Nothing but the text should be carried over: reproduce all the data exactly and leave out every image.

**Recorded data**
● ● ● ●

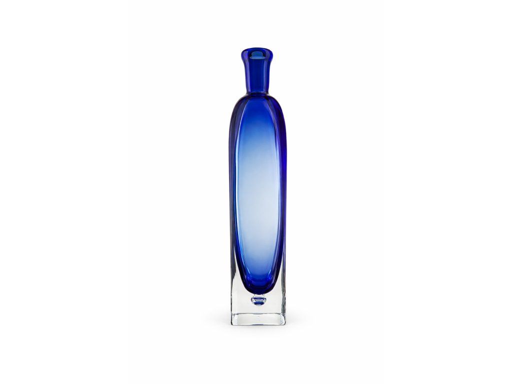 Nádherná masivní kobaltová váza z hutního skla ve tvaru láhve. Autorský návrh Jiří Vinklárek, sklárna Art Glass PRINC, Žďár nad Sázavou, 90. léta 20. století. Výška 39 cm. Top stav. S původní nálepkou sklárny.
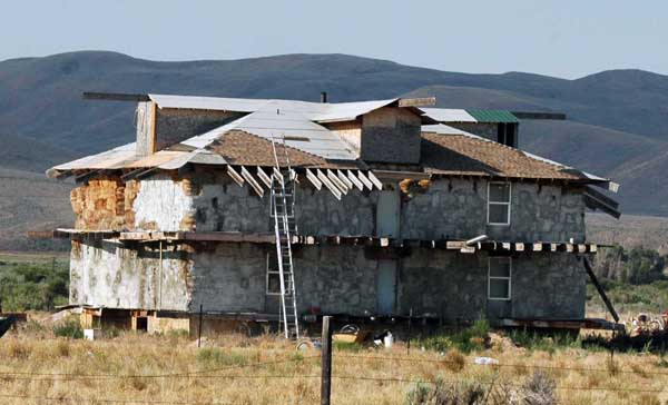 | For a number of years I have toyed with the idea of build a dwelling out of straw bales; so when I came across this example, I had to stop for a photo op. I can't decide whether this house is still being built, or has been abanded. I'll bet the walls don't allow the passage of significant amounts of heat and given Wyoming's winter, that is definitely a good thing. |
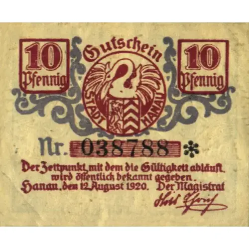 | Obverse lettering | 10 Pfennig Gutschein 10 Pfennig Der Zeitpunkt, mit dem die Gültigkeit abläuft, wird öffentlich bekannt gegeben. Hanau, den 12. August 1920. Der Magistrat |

● ● ● ●

**Output of the task**
 Nádherná masivní kobaltová váza z hutního skla ve tvaru láhve. Autorský návrh Jiří Vinklárek, sklárna Art Glass PRINC, Žďár nad Sázavou, 90. léta 20. století. Výška 39 cm. Top stav. S původní nálepkou sklárny.
 | For a number of years I have toyed with the idea of build a dwelling out of straw bales; so when I came across this example, I had to stop for a photo op. I can't decide whether this house is still being built, or has been abanded. I'll bet the walls don't allow the passage of significant amounts of heat and given Wyoming's winter, that is definitely a good thing. |
 | Obverse lettering | 10 Pfennig Gutschein 10 Pfennig Der Zeitpunkt, mit dem die Gültigkeit abläuft, wird öffentlich bekannt gegeben. Hanau, den 12. August 1920. Der Magistrat |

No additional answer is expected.